Miriam Gallagher obituary

For 35 years Miriam Gallagher’s writing reached audiences worldwide.
For 35 years Miriam Gallagher’s writing reached audiences worldwide. Photograph: Jonathan Philbin Bowman

My mother, Miriam Gallagher, who has died aged 77, was an inspirational figure in Ireland’s creative and medical communities. She juggled, with great style, three work-lives – parent, speech therapist and playwright.

She was born in Waterford City, Co Waterford, the second of five children of Maureen (nee Doran) and Michael O’Connor. Michael was a Bank of Ireland branch manager, which meant the family regularly moved home. This gave Miriam a lifelong taste for travel.

After attending the Convent of the Sacred Heart boarding school in Roscrea, Miriam left Ireland in 1957. She au paired in Europe, then moved to London to study speech therapy at the College of Speech Therapists (later Royal College of Speech and Language Therapists) and drama at London Academy of Music and Dramatic Art (Lamda). Despite her student poverty, she had enormous fun, dancing the Charleston at Chelsea parties and visiting jazz clubs in Soho.

Returning to Ireland in 1962, Miriam was appointed speech therapist at St James’s hospital, Dublin – the first Irish layperson to practise in the country. She would later work in many other clinics and private practice. Dynamic and eloquent, she co-founded and later chaired the Irish Association of Speech & Language Therapists.
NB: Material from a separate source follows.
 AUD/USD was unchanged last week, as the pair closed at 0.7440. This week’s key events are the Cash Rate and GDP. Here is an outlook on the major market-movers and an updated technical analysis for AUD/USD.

In 1963, Miriam met Gerhardt Gallagher, a forester and visual artist. They married in 1966 and had three children. Defying convention, Miriam kept working – and produced her first book, Let’s Help Our Children Talk (1977).
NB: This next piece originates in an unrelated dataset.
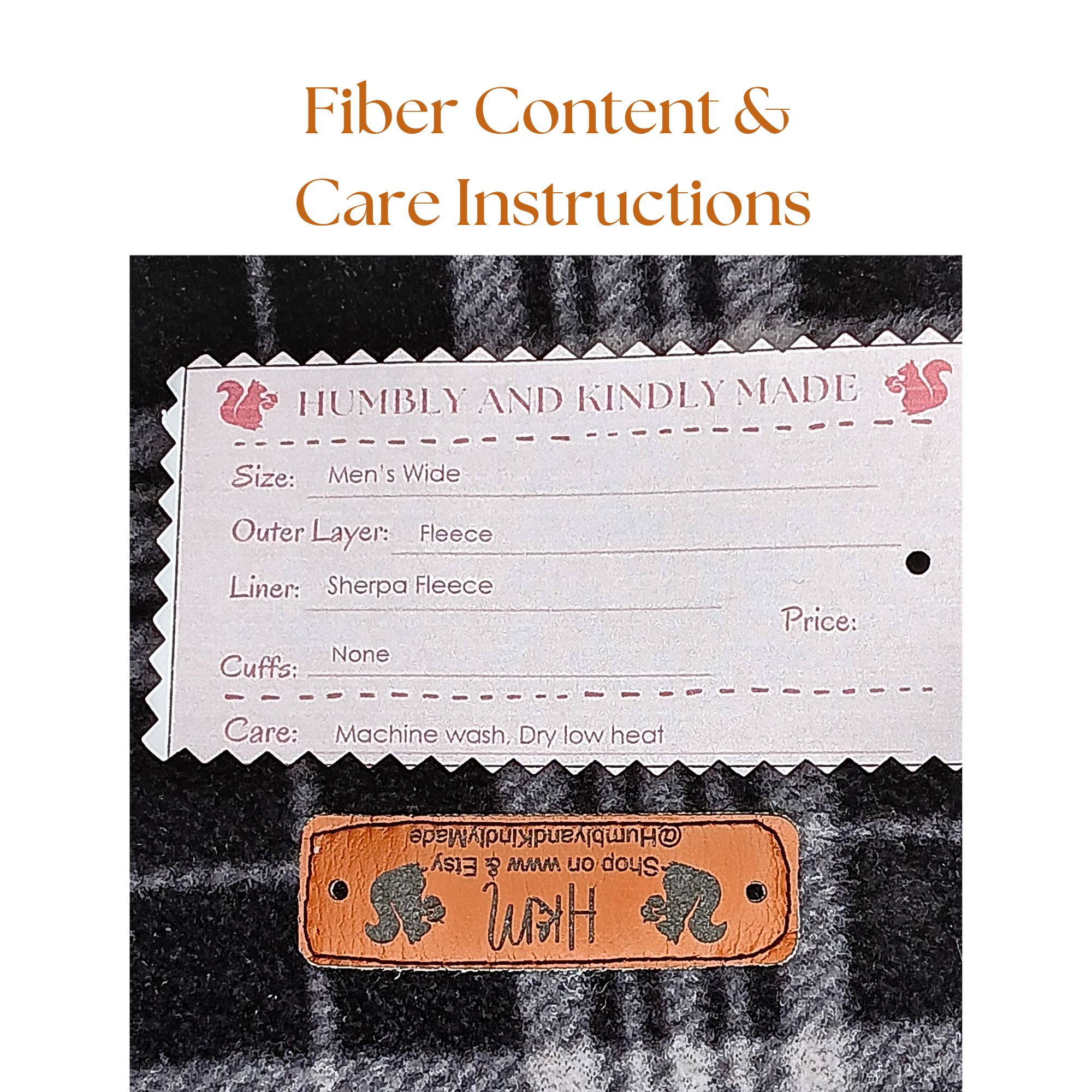 • Upcycled Fleece Mittens are handcrafted from recycled fleece pullovers and jackets. All fiber content is printed on the tag of each pair of mittens.

Miriam had been writing fiction for several years through the community centre Grapevine Arts, and was developing ideas for plays when her work came to the attention of Claire Wilson, a drama teacher in Mountjoy prison. She commissioned Miriam to write a play to be performed by male prisoners at the Dublin theatre festival. Fancy Footwork (1983) received glowing reviews – but nobody was as shocked as Miriam on learning that, after the final performance, her lead actor had escaped.

Over the next 35 years, Miriam’s writing reached audiences worldwide. Her plays were ambitious, surreal and wickedly funny. She had particular affection for her Interludes, celebrations of renowned Irish composers. My favourite was her one-woman show Shyllag, which I directed in 1993 at Andrews Lane theatre, Dublin. Miriam was also an accomplished screenwriter and fiction author – her short film Gypsies (1995) was broadcast on RTÉ and she wrote a novel, Song for Salamander (2004), and two story collections.

In 2012, Miriam was diagnosed with cancer and kidney disease. She found illness frustrating, but kept writing. Her second story collection, Night in Havana, was published last year, and in her final week in the hospice she had a pen in hand, editing new stories.

She is survived by Gerhardt, by their two daughters, Etain and me, and son, Donnacha, and by her siblings, Valerie, Michael and Fidelma.